Un libro sull’amore, direte voi? Su come una storia nasce, si consolida, ma talvolta arriva al capolinea? Sì, ma non solo. Nonostante, in quanto neo-sposa, il racconto appassionato e ricco di momenti divertenti ma anche drammatici della vita di coppia di Douglas e Connie mi abbia interessata molto (Perché ci si innamora? Perché si sceglie di tradire? Un sentimento può anche finire?), quello che davvero mi ha fatto riflettere è tutta la parte che riguarda il rapporto padre-figlio.

Perché Noi, per come l’ho interpretato io, è anche un libro che parla di come si diventa genitori, di ciò che significa, di ciò che può andare storto. Ogni coppia, prima di avere dei figli, crede di aver ben chiara in mente almeno una cosa: non si comporterà mai con la prole come hanno fatto i propri genitori. Non commetterà mai certi sbagli. Ogni donna pensa che non sarà intransigente/autoritaria/invadente come è stata la propria madre. Ogni uomo pure. Buoni propositi, dichiarazioni di intenti virtuose. Noi saremo migliori di loro.
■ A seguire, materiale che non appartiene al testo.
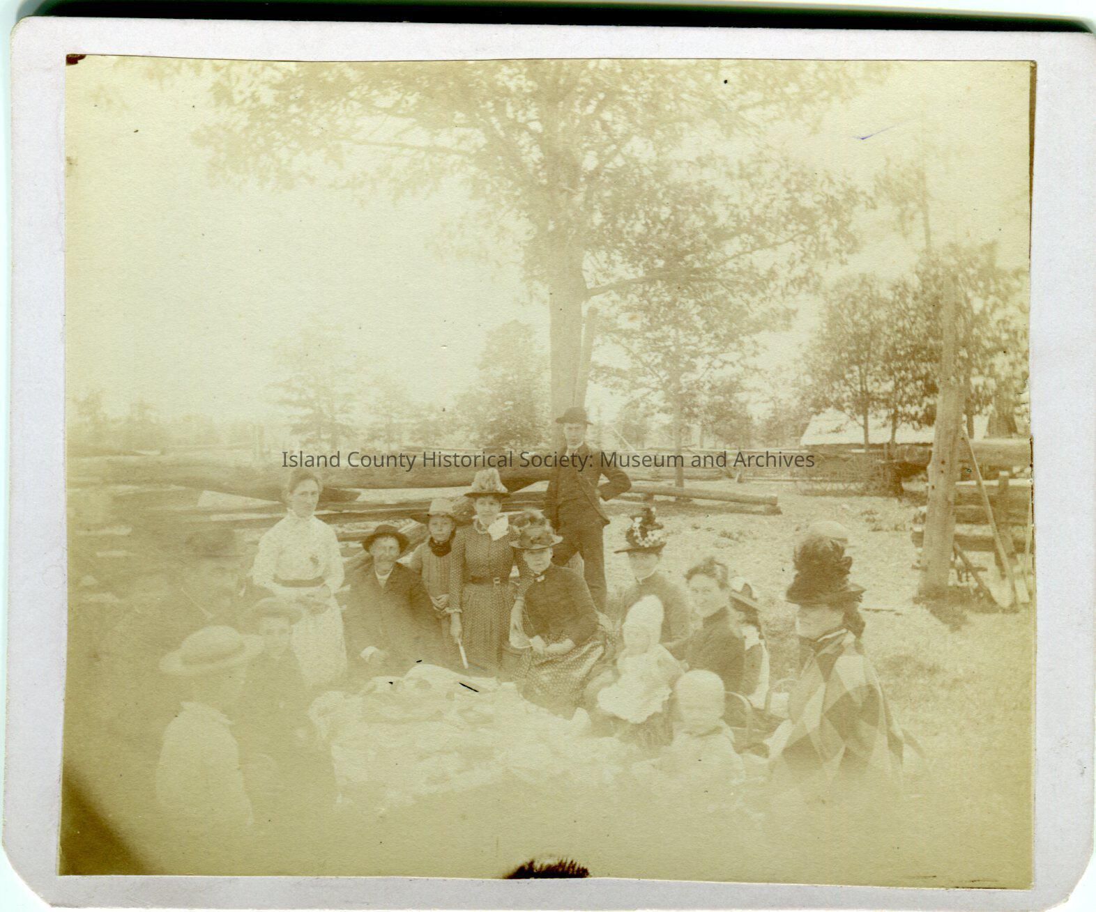 Photo of a family or group portrait taken outside. There are men, women and children of varoius ages. They are dressed in suits, dresses, and hats, There are at least two picnic baskeets. In the center is a patchwork quilt. There are trees, fences, a building on the right in the background and a carriage.

Poi il figlio nasce e… non si può sapere come andrà. È un dato di fatto: per quanto ci diciamo convinti di voler essere diversi dai nostri genitori, talvolta finiamo per fare gli stessi errori – o anche di peggio. È così per Douglas, che sogna un figlio interessato alla scienza, un figlio con cui condividere la sua passione. Quando però il bambino si dimostra del tutto differente… cerca di plasmarlo, anche con la forza. Di spingerlo in una certa direzione con ogni mezzo. Per il suo bene. Certo, ma il problema è che ogni individuo deve trovarlo da solo, il suo bene. Così come deve trovare la sua strada. E non importa se fare l’ingegnere/il fisico/lo scienziato offra migliori prospettive lavorative di fare l’artista. Non si possono imporre certe scelte.

Douglas alla fine se ne rende conto… ma quanti errori, quanti giri a vuoto, quanti episodi dolorosi devono verificarsi prima. Così, se ero partita provando per questo marito e padre incompreso un po’ di compassione (poveretto, all’inizio lui sembra così buono, innamorato, disponibile e la moglie e il figlio sempre coalizzati contro di lui) nel corso del libro non si possono non comprendere anche i motivi di Connie e Albie. Non è semplice crescere con qualcuno che vuole indirizzare le tue scelte, che crede che il talento artistico non sia alla pari di una bella laurea in Fisica, che ti incolla i Lego con l’Attack perché “Vedi che bello? Adesso hai dei giochi che dureranno per sempre!” (questo è uno degli episodi che mi hanno lasciata più basita) quando in realtà a te piace smontare le cose – come a tutti i bambini, d’altra parte.

Tirando le fila Noi non è solo una storia d’amore. A me personalmente ha ricordato come, nonostante si parta con le migliori intenzioni, essere genitori sia soprattutto una sfida. Una sfida dove occorre tenere presente, giorno dopo giorno, come ha scritto magistralmente Kahlil Gibran che che “i nostri figli non sono figli nostri, sono i figli e le figlie della forza stessa della Vita. Nascono per mezzo di noi, ma non da noi. Dimorano con noi, tuttavia non ci appartengono”. Per questo bisogna capire quando è il momento di lasciarli andare.